At work we needed to keep track of the user's n most recent searches and show them in a dropdown menu. They're first-in, first-out, but if a user selects a previous search and re-runs it, it jumps back up to the top of the history. There's no need to remove anything from the list; a history item can only be pushed out by new searches. O(n) is okay because n is small. With such convenient constraints, it was simple enough to just do this.

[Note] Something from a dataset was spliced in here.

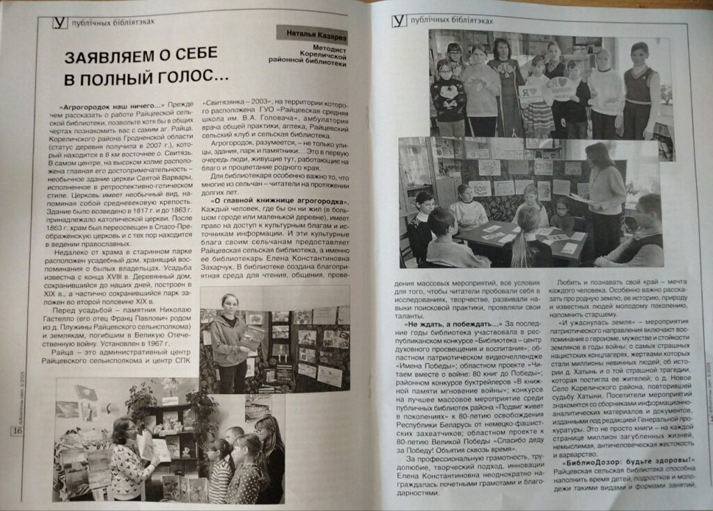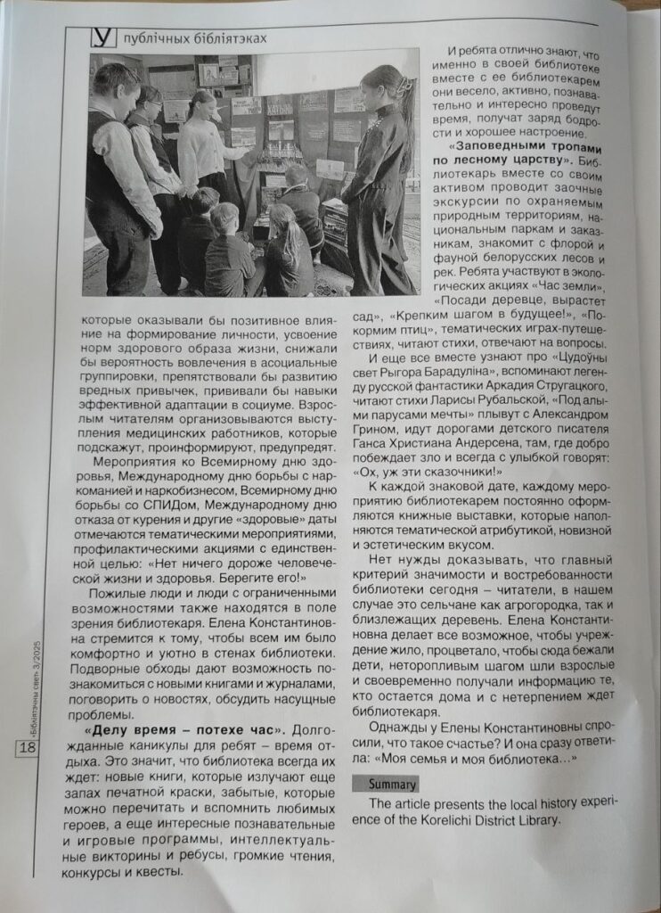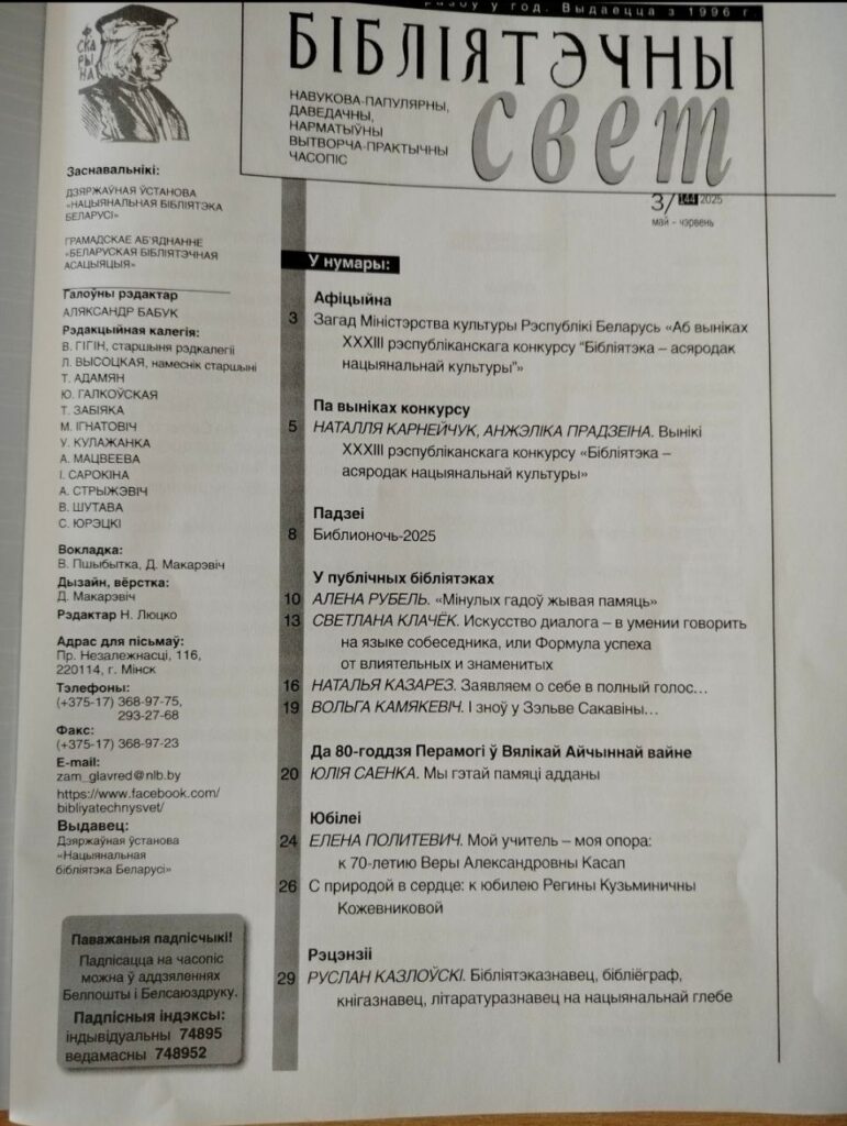 Мы в республиканском профессиональном журнале «Бiблiятэчны свет» № 3 за 2025 год. О работе библиотекаря филиала «Райцевская сельская библиотека» ГУК «Кореличская районная библиотека» Захарчук Елены Константиновны можно прочитать в статье «Заявляем о себе в полный голос…», написанной Натальей Казарез, методистом сектора маркетинга, социокультурной деятельности и методической работы. В этом же номере также размещена статья о победителе в республиканском конкурсе «Бiблiятэка — асяродак национальный культуры» Полужской сельской библиотеке.

{-# LANGUAGE UnicodeSyntax #-}
data Queue a = Queue { limit ∷ Int, values ∷ [a] } deriving Show
enqueue ∷ Eq a ⇒ a → Queue a → Queue a
enqueue α (Queue l ω) = Queue l $ take l $ (α :) $ filter (/= α) ω
A three item queue.
q = Queue 3 []
Queue {limit = 3, values = []}
Adding two items.
enqueue 2 $ enqueue 1 $ q
Queue {limit = 3, values = [2,1]}
Bumping the first item back to the top.
enqueue 1 $ enqueue 2 $ enqueue 1 $ q
Queue {limit = 3, values = [1,2]}
Pushing old items past the limit of 3.
enqueue 4 $ enqueue 3 $ enqueue 1 $ enqueue 2 $ enqueue 1 $ q
Queue {limit = 3, values = [4,3,1]}
That's it. take
and filter
probably won't result in two traversals due to laziness, though it hardly matters. I like how optimistic this wound up being.